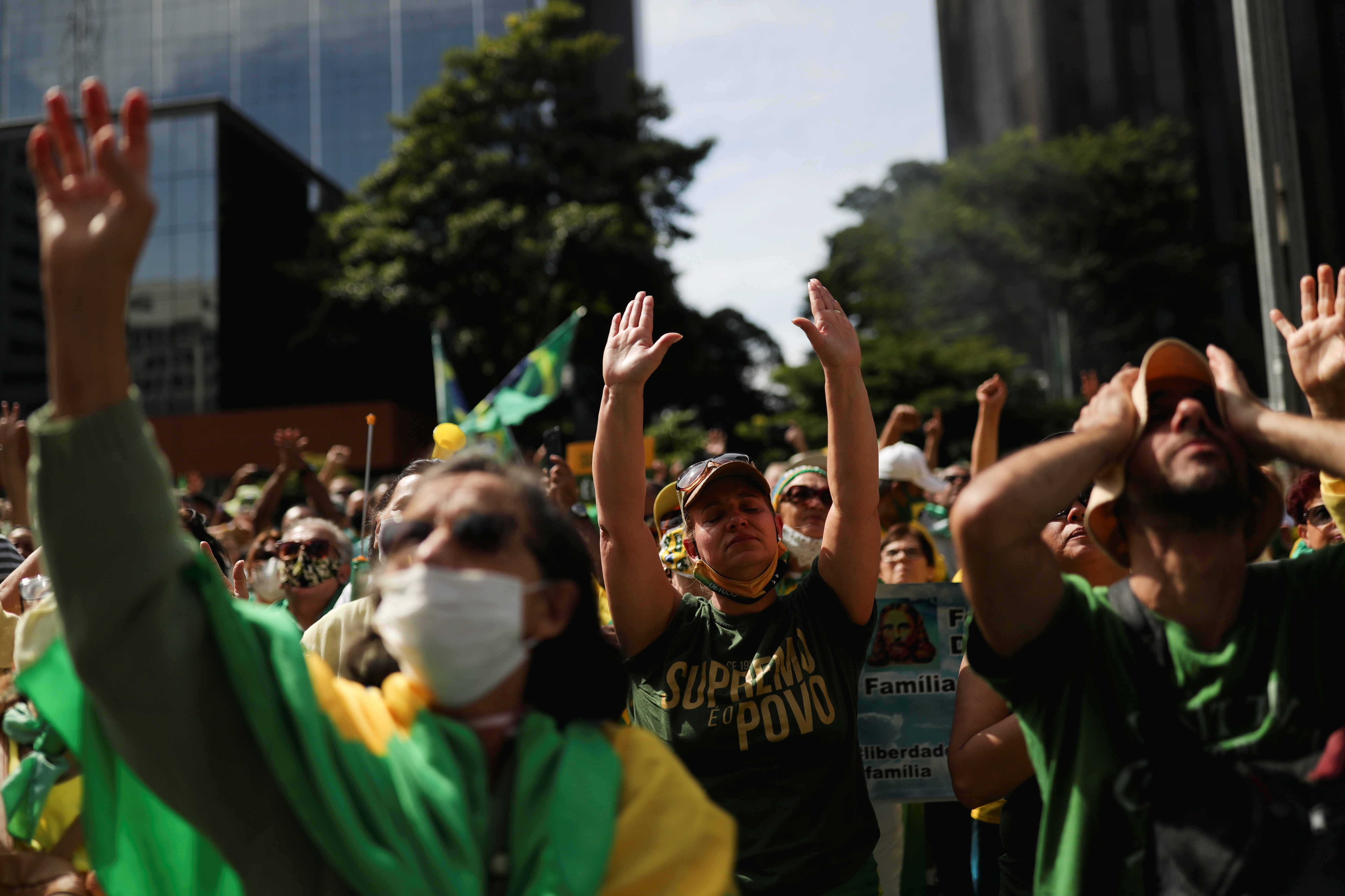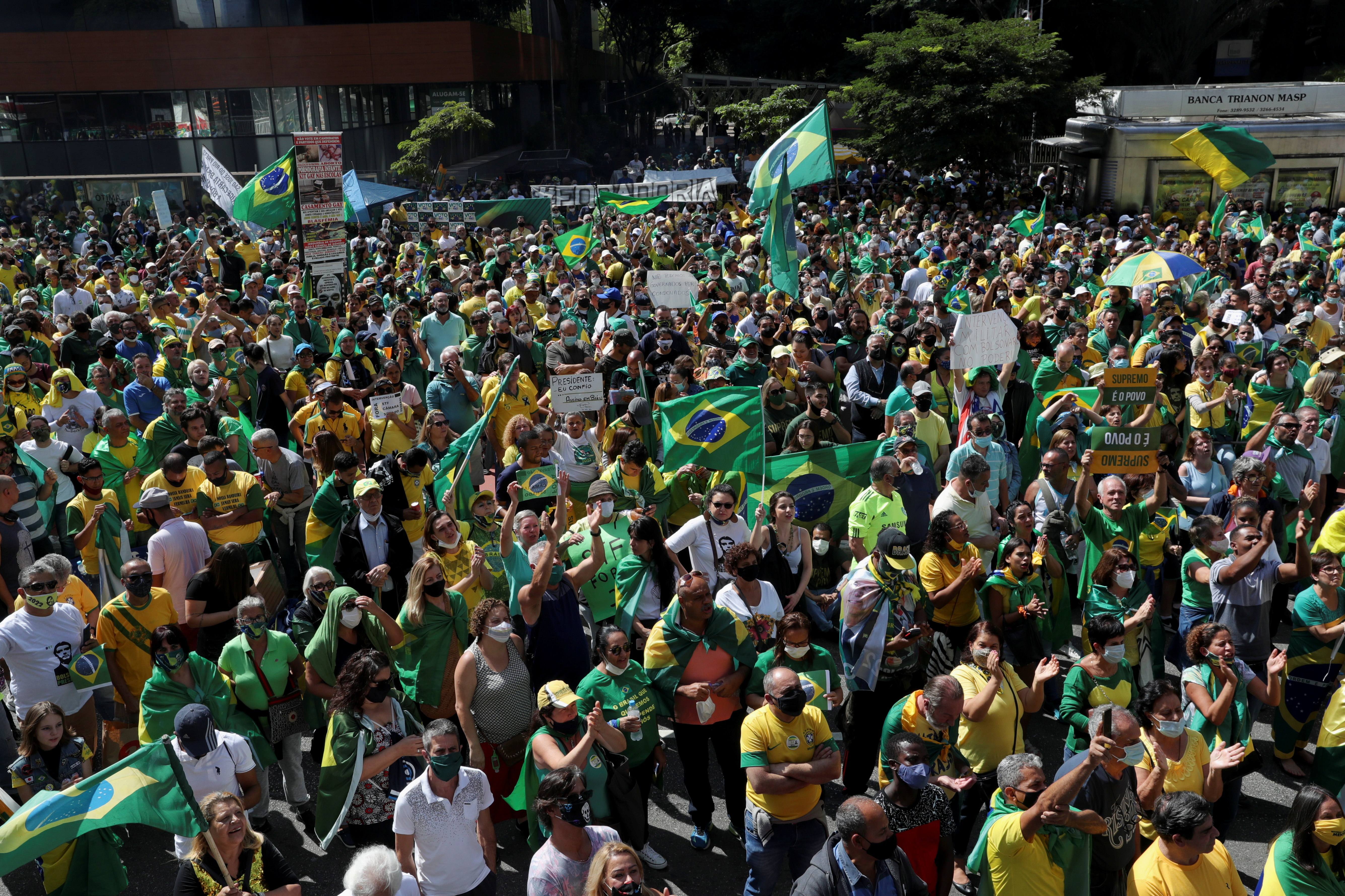 Protesters gathered in Sao Paulo, Rio de Janeiro, and the capital, Brasilia, where thousands assembled on the Esplanade of Ministries as Bolsonaro briefly passed overhead in a helicopter.
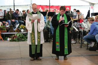 Gemeinsame Predigt von Pfarrer Stephan Werner (l., katholisch) und Pfarrerin Marie-Luise Zott (r., evangelisch) anl. des Erntedank-Gottesdienstes am 01. Oktober 2023
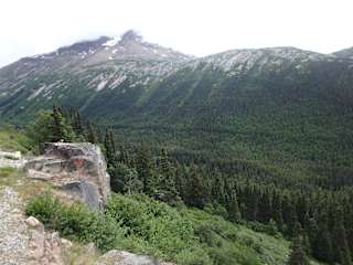 Eine der Touristenattraktionen von Skagway ist die Schmalspurbahn White Pass & Yukon Route, mit der man derzeit von Skagway bis Carcross fahren kann. Früher wurden auf dieser Trasse gut betuchte Schürfer zu den Goldfeldern in Yukon transportiert. Die anderen mussten sehen, wie sie auf Schusters Rappen oder mit dem Pferd zum Ziel kamen. Jetzt werden Touristen in nostalgischen Eisenbahnwaggons durch eine spektakuläre Landschaft befördert. Im Rahmen eines Tagesausfluges nutzten wir die Bahn zwischen Fraser und Skagway. Wie früher auch bei uns, hatten die Wagen an beiden Enden ein offenes Perron mit einer Treppe zum Aus- und Einsteigen, das darüberhinaus aber auch perfekt zum Fotografieren geeignet war. Der Kanonenofen im Wageninneren musste nicht benutzt werden, da wir bestes Sommerwetter hatten. Die eng beieinander stehenden -extra für die Touristen gepolsterten- Sitze boten größeren Reisenden nur extrem wenig Beinfreiheit. Gleich zu Beginn der Tour erhielten wir eine Broschüre mit Erklärungen zur Bahnfahrt und dies sogar in mehreren Sprachen. Die Strecke führte auf rumpeligen Gleisen entlang enger Schluchten und reißender Gletscherflüsse, durch dunkle Tunnels und über abenteuerlich wirkende Brückenkonstruktionen. Zu sehen waren dunkle oder auch lichte Wälder mit allerlei Blumen, schneebedeckte Berge und rauschende Wasserfälle. Ein Reisebegleiter kommentierte die Fahrt auf Englisch und erzählte vom Goldrausch und von den Glücksrittern, für die die Strecke gebaut worden war. Die Fahrt ist eine schöne Abwechslung, aber kein "Muss".

□ □ □ □ □ □ □

Take the whole listing above and copy it exactly. Pictures do not go into the copy.

• _Exercise response_
 Protesters gathered in Sao Paulo, Rio de Janeiro, and the capital, Brasilia, where thousands assembled on the Esplanade of Ministries as Bolsonaro briefly passed overhead in a helicopter.
 Gemeinsame Predigt von Pfarrer Stephan Werner (l., katholisch) und Pfarrerin Marie-Luise Zott (r., evangelisch) anl. des Erntedank-Gottesdienstes am 01. Oktober 2023
 Eine der Touristenattraktionen von Skagway ist die Schmalspurbahn White Pass & Yukon Route, mit der man derzeit von Skagway bis Carcross fahren kann. Früher wurden auf dieser Trasse gut betuchte Schürfer zu den Goldfeldern in Yukon transportiert. Die anderen mussten sehen, wie sie auf Schusters Rappen oder mit dem Pferd zum Ziel kamen. Jetzt werden Touristen in nostalgischen Eisenbahnwaggons durch eine spektakuläre Landschaft befördert. Im Rahmen eines Tagesausfluges nutzten wir die Bahn zwischen Fraser und Skagway. Wie früher auch bei uns, hatten die Wagen an beiden Enden ein offenes Perron mit einer Treppe zum Aus- und Einsteigen, das darüberhinaus aber auch perfekt zum Fotografieren geeignet war. Der Kanonenofen im Wageninneren musste nicht benutzt werden, da wir bestes Sommerwetter hatten. Die eng beieinander stehenden -extra für die Touristen gepolsterten- Sitze boten größeren Reisenden nur extrem wenig Beinfreiheit. Gleich zu Beginn der Tour erhielten wir eine Broschüre mit Erklärungen zur Bahnfahrt und dies sogar in mehreren Sprachen. Die Strecke führte auf rumpeligen Gleisen entlang enger Schluchten und reißender Gletscherflüsse, durch dunkle Tunnels und über abenteuerlich wirkende Brückenkonstruktionen. Zu sehen waren dunkle oder auch lichte Wälder mit allerlei Blumen, schneebedeckte Berge und rauschende Wasserfälle. Ein Reisebegleiter kommentierte die Fahrt auf Englisch und erzählte vom Goldrausch und von den Glücksrittern, für die die Strecke gebaut worden war. Die Fahrt ist eine schöne Abwechslung, aber kein "Muss".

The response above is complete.